**TASK DETAILS**.
Write out again the lines from the line with "Cán bộ QLTT" up to and including the line with "The owner’s suite", exactly as they stand below, and skip any picture.

**SUPPLIED ENTRIES**.
────
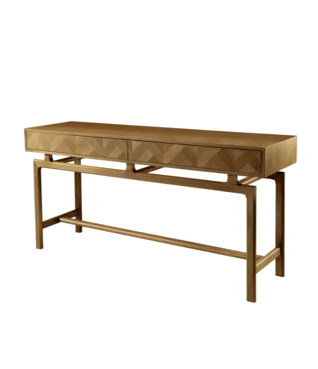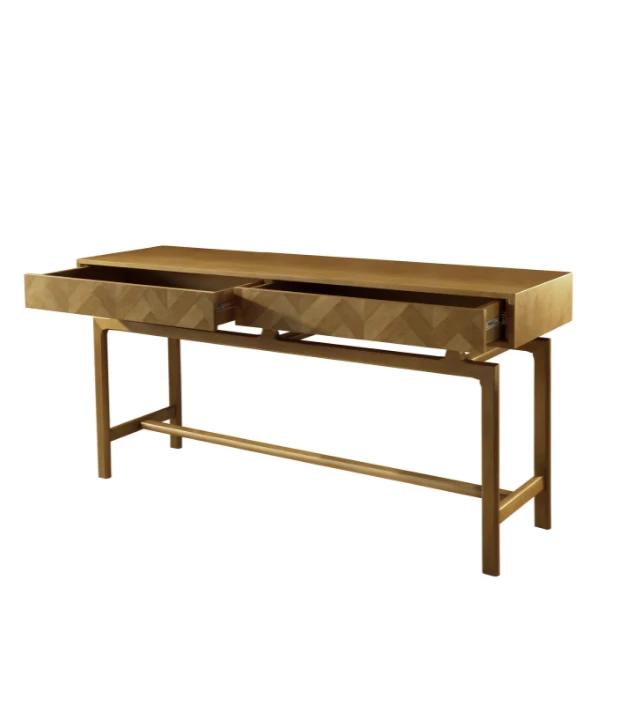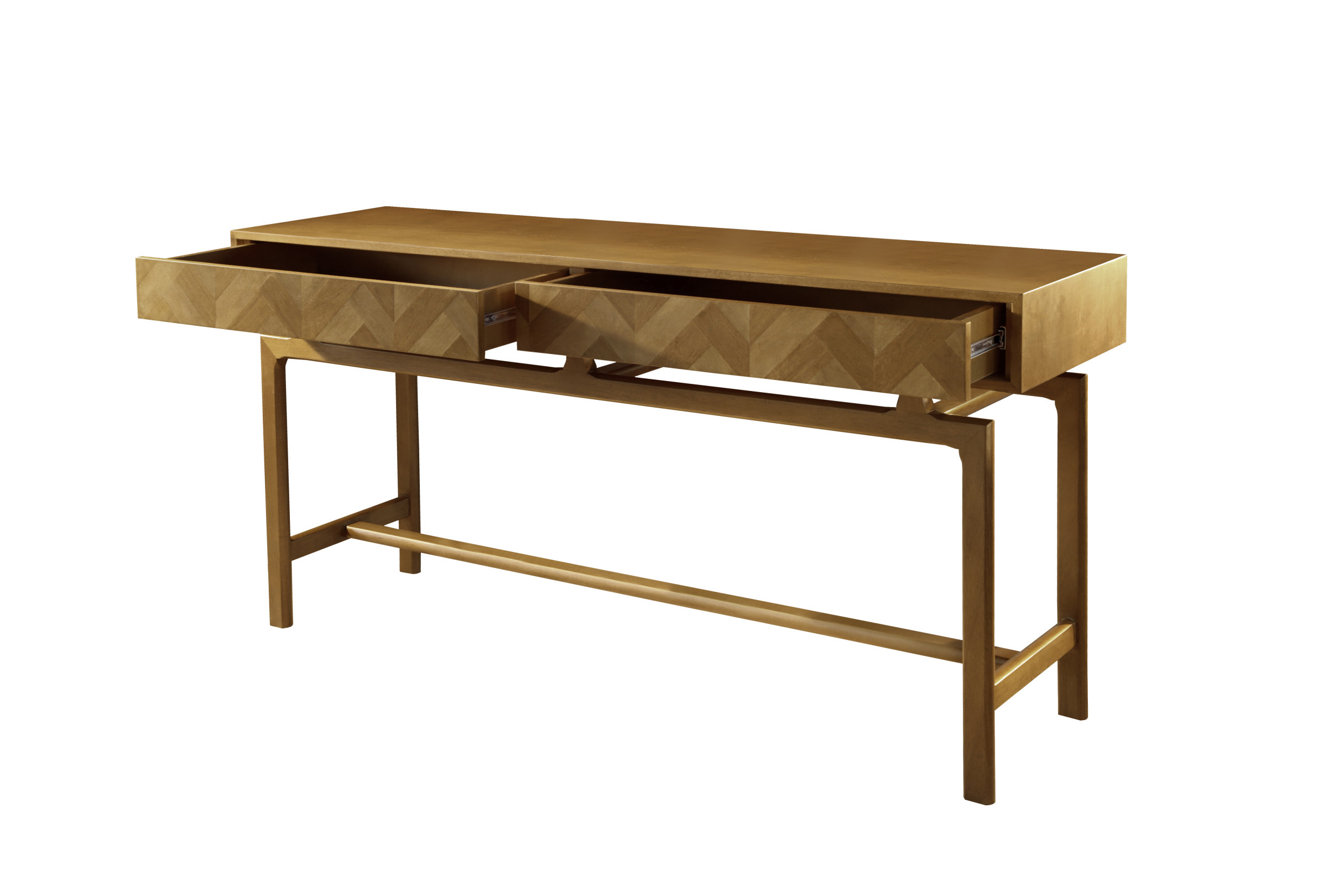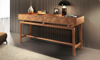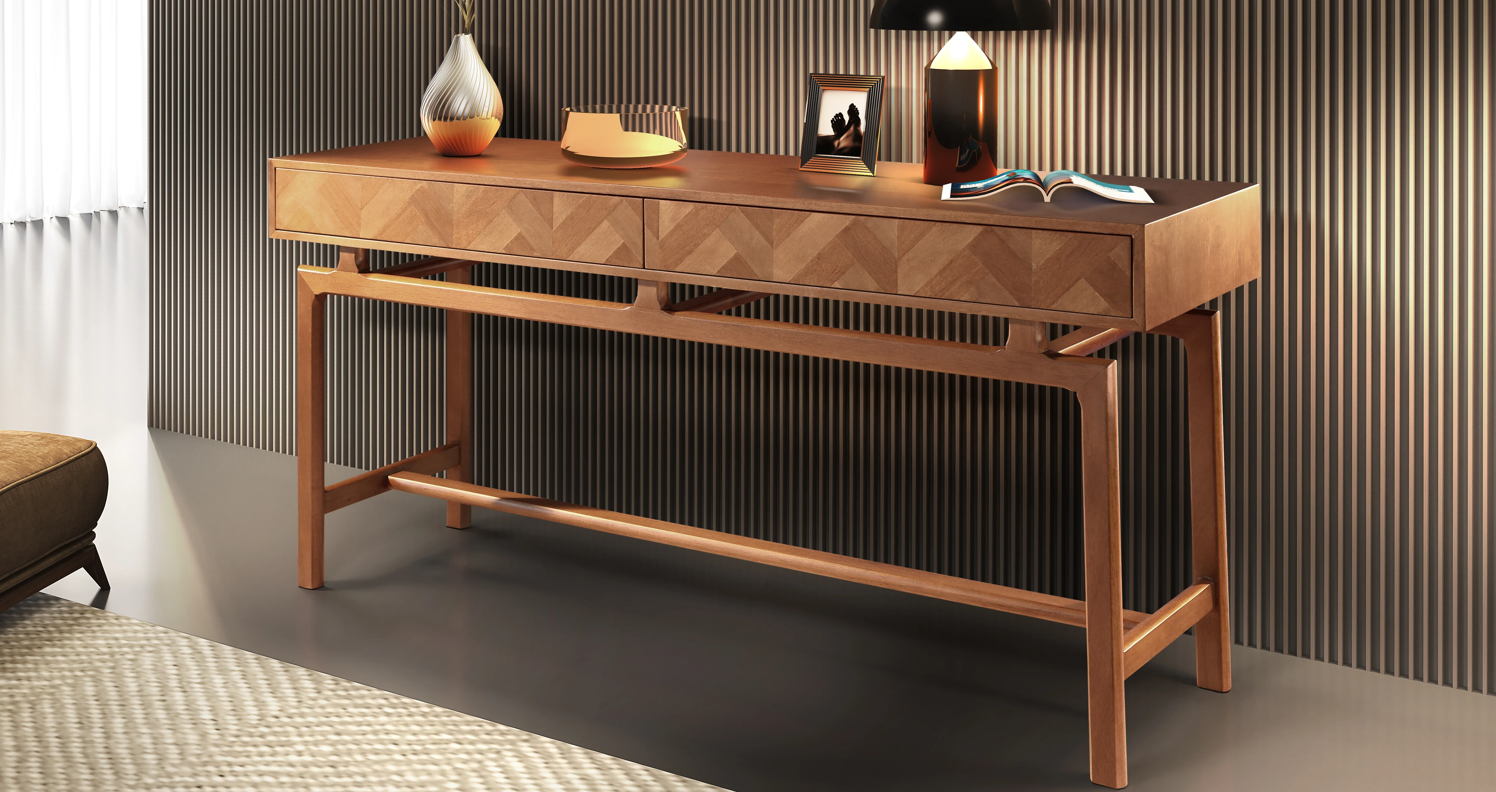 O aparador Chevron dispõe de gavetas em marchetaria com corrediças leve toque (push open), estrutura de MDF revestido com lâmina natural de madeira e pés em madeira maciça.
────
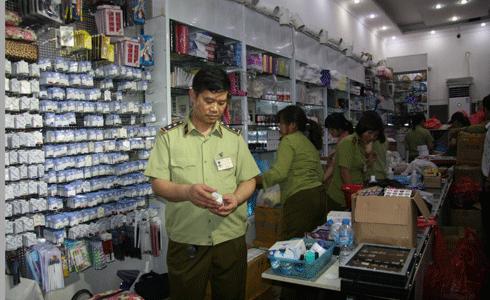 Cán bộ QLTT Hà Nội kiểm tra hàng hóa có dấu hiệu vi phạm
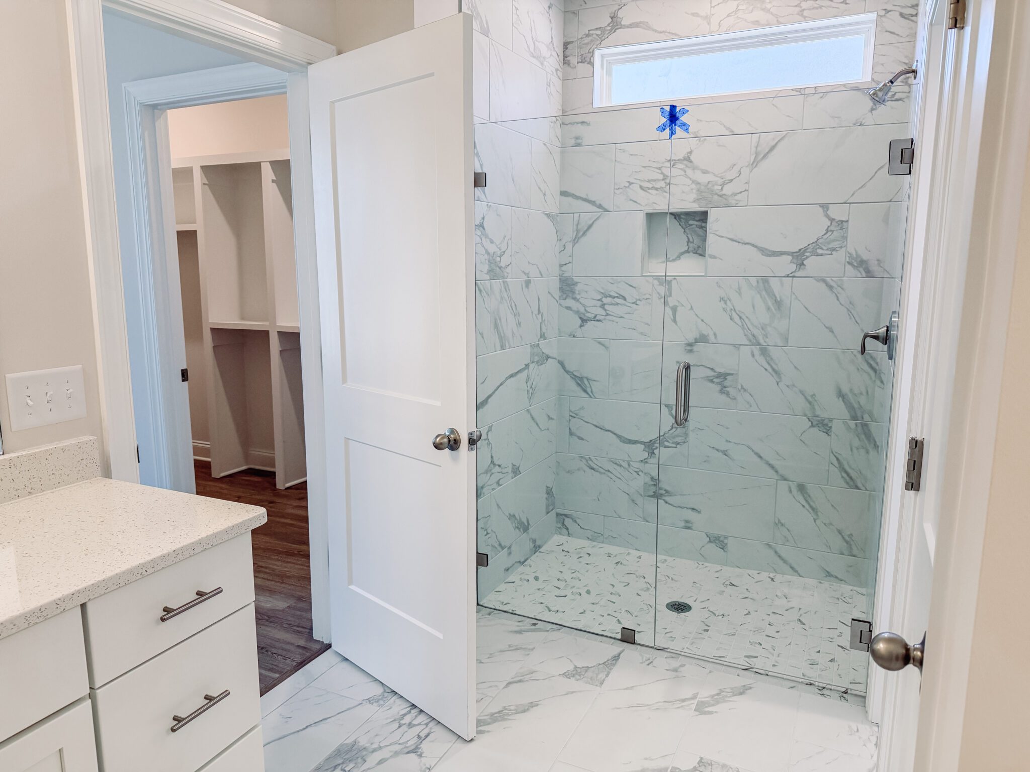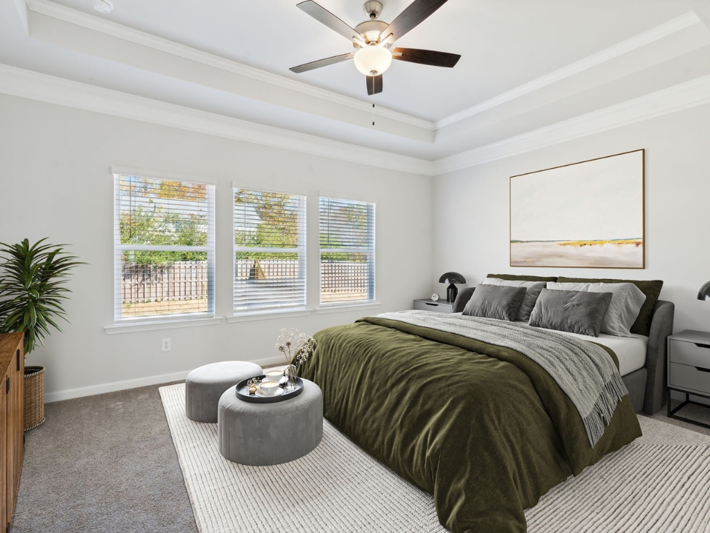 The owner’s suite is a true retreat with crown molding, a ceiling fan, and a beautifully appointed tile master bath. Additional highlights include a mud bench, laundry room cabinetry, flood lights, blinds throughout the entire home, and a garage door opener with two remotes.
────
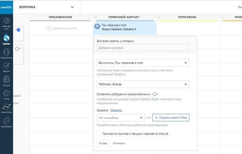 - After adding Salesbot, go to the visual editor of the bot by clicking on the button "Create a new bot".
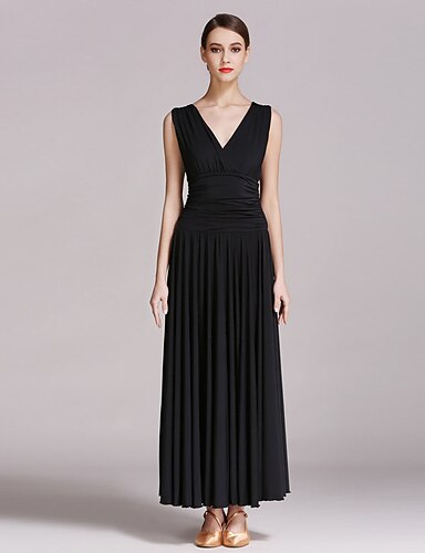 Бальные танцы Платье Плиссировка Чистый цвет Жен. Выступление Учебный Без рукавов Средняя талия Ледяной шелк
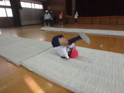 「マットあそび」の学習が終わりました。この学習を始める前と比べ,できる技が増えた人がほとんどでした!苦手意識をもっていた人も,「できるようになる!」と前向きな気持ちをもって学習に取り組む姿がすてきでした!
────
**SOLUTION**.
 Cán bộ QLTT Hà Nội kiểm tra hàng hóa có dấu hiệu vi phạm
 The owner’s suite is a true retreat with crown molding, a ceiling fan, and a beautifully appointed tile master bath. Additional highlights include a mud bench, laundry room cabinetry, flood lights, blinds throughout the entire home, and a garage door opener with two remotes.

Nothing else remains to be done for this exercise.